Kirkus Reviews QR Code
ABSOLUTE ZERO by Chuck Logan Kirkus Star

ABSOLUTE ZERO

by Chuck Logan

Pub Date: Feb. 6th, 2002
ISBN: 0-06-018572-4
Publisher: HarperCollins

Darn cold in those Minnesota northwoods, but as usual the action’s hot as Logan shows us for the fourth time why he’s a thrillermeister to keep (The Big Law, 1998, etc.).
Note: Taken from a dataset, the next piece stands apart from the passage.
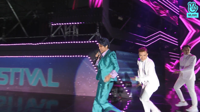 18:01 La Chí Tường vô cùng bảnh trai trên sân khấu. Anh chàng khoe vẻ đẹp “không tuổi” cũng như “đọ” màn nhảy nhót cùng với trưởng nhóm Super Junior. Sau đó ành chàng gửi tặng thêm khán giả ca khúc Happy High.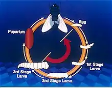 The life cycle begins with the mating of the male and female species of the fly and upon completion, the female begins oviposition and will lay the eggs on a place of interest such as an open wound, an orifice, or a pile of faeces. Once the eggs have been laid they will take approximately one full day to hatch, which is a short time period among flies.[1] Upon hatching, the larvae will begin the three stages of larvae development consistent with this family. The first stage occurs approximately after 2 days, while the second stage occurs after 2 and a half days, and finally the third stage occurs at approximately 4 to 5 days.[1]

Absolute zero is minus 459.67°F, or as someone says early on, “the temperature when everything stops.” But if you’re a substitute guide leading three ambitious amateurs on a hunting trip in the dead of winter, count on it being when a lot of bad stuff starts. Ex-cop Phil Broker, making his third starring appearance, has as his headstrong charges a brilliant surgeon, a shrewd lawyer, and a bestselling novelist who hates the books that have made him rich. A volatile enough mix, but the party holds its own until a blizzard—“an October surprise,” in northwoods speak—hits them hard, wrong-footing them and eventually dumping all four out of their canoes and into icy Lake Fraser. They escape death but narrowly: Hank Sommer, the writer, only after Allen Franken, the surgeon, operates successfully on him in the small, underequipped hospital they’re flown to after rescue. Successful, that is, until post-op. A nurse-anesthetist’s tragic mistake is what it’s called at first, the effect of it being to zap Hank into instant coma. At this point, enter Jolene, trophy wife with a past, on the edge of becoming a wealthy widow. The lawyer lusts for her, so does the surgeon, and not even our hero—though racked by woman troubles on his own home front—is immune to the former stripper’s earthy appeal. Hank lingers, the deathwatch generates bizarre behavior, and Broker begins to ask himself questions about when it is that an accident has the best chance of not having been one. Answer: when there’s money to follow.

Good writing, colorful cast, and a thoroughly appealing protagonist: a two-fisted softy perfect for page-turning.